The bigger threat is that a new government would be unable to maintain production. In 2002, after a general strike in Venezuela, Hugo Chavez fired 19,000 employees of the state owned oil company and replaced them with workers loyal to his government.
Eight years later, Venezuelan oil production still lags pre-strike levels. In Iraq, oil production fell sharply after the U.S. invasion in 2003. Despite heavy capital investment and technical assistance, it took five years to restore Iraqi oil output to pre-invasion levels.
Following a dip in consumption during the global recession of 2006, global demand for oil has bounced back to about 88 million barrels per day, just barely ahead of current production levels.
On the supply side, Saudi Arabia is the only major producer with significant surplus capacity. Together with a handful of other Gulf producers, OPEC has an estimated 4.7 million barrels a day of surplus capacity, according to the Energy Information Administration. (A portion of that surplus is so-called “heavy” crude, which some refineries are not set up to handle.)
Amid the threat of outages, Saudi Arabian officials have expressed confidence that any lost output elsewhere in the Middle East can be made up for with increased Saudi production.

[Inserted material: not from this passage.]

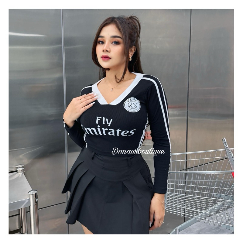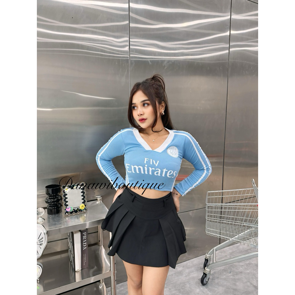 Crop Top Emirates Lengan Panjang Wanita Rib Melar

"The market knows that Saudi has a good, chunky excess capacity and a record of using it when needed," deputy oil minister Prince Abdulaziz bin Salman Al Saud told CNBC Tuesday.
But that excess capacity has never come under the kind of pressure posed by the widening unrest in the richest oil producing region in the world. Even before the uprisings began three weeks ago, there was very little slack in the global oil supply chain.

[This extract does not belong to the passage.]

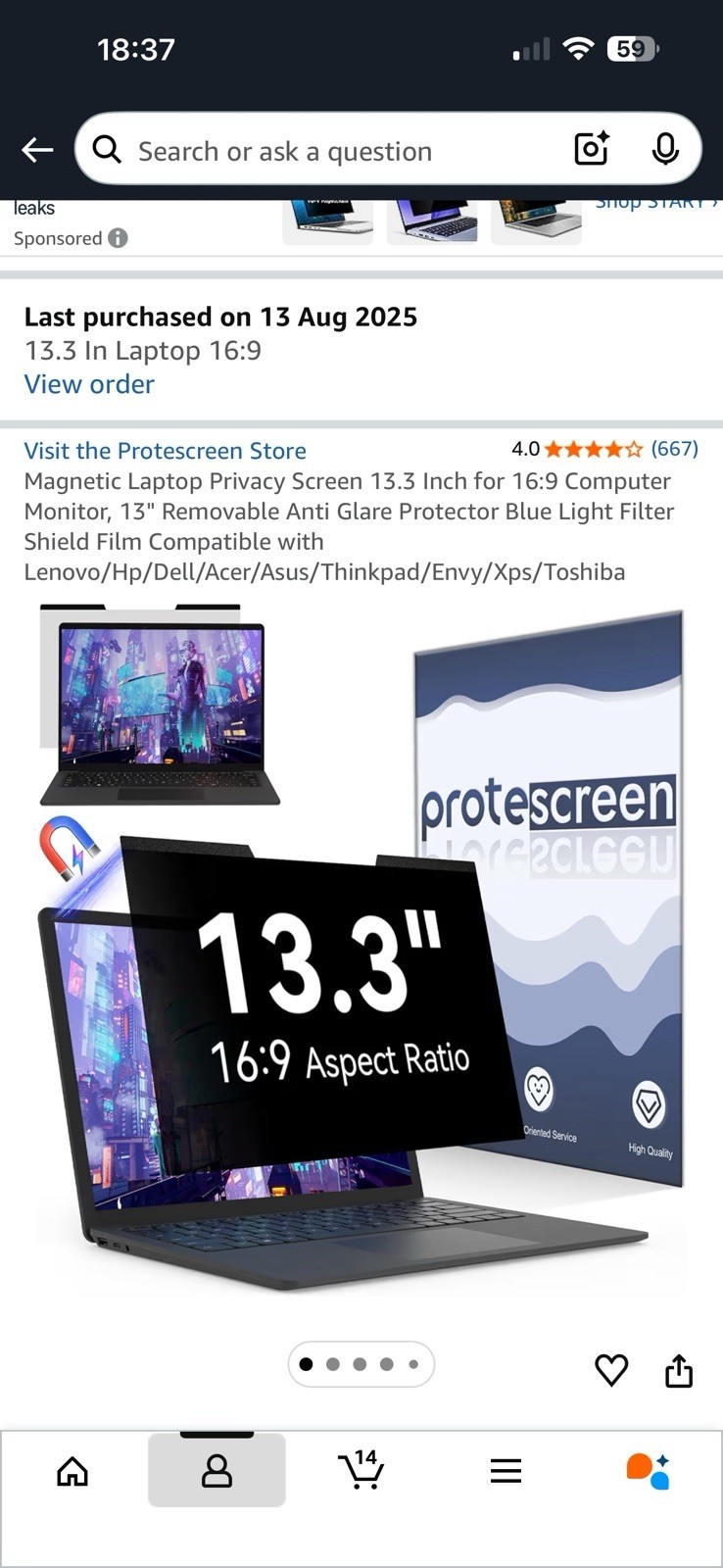 Magnetic Laptop Privacy Screen 13.3 Inch for 16:9 Computer Monitor, 13 Removable

As of Wednesday, roughly a quarter of Libya’s output of 1.8 million barrels a day was shut in; a full shutdown would leave a little less than three million barrels of excess capacity. That cushion could be more than overtaken if production is crimped by unrest and uprisings in Yemen, Algeria, and Iran – which together produce more than five million barrels a day.
Oil production slowdowns could also be offset by strategic reserves held by a handful of western countries. Those reserves are estimated at around 1.6 billion barrels, about half of which are held in the U.S. But the use of those reserves to tamp down oil price spikes has had only mixed success in the past.
The biggest threat comes from the potential spread of turmoil to Saudi Arabia, the lynchpin of global oil production. The Saudi regime shares many of the conditions that have sparked uprisings in neighboring governments: rising food prices, autocratic rule, a large population of disenfranchised young people, and ethnic and religious divisions. Until recently, many western observers felt the risk of unrest there was limited by the Saudi government’s ability to use its oil wealth to calm restive groups seeking its demise.
On Wednesday, Saudi King Abdullah returned home after a three-month absence for back surgery to announce a $37 billion program to help lower- and middle-income citizens. The plan announced by the 87-year-old king includes pay raises, unemployment benefits and affordable family housing.
King Abdullah’s age and health have raised further questions among analysts about the stability of the regime and the kingdom’s succession plan at a politically volatile moment. (During his absence, Abdullah’s ailing octogenarian half-brother, Crown Prince Sultan, was left in charge.) Now, some analysts are wondering whether the recent multi-billion-dollar payout will be enough to insulate the world's top oil exporter from the ongoing wave of Arab uprisings.
“We have a very difficult time looking at a map of recent unrest and finding reasons to persuade ourselves that Saudi Arabia will somehow find a way to be an oasis in the middle of this particular sandstorm,” Peter Beutel, president of Cameron Hanover, an energy consulting firm, wrote to clients Wednesday. “We are not saying it is going to happen, but we are having a very hard time finding convincing reasons why it won’t.”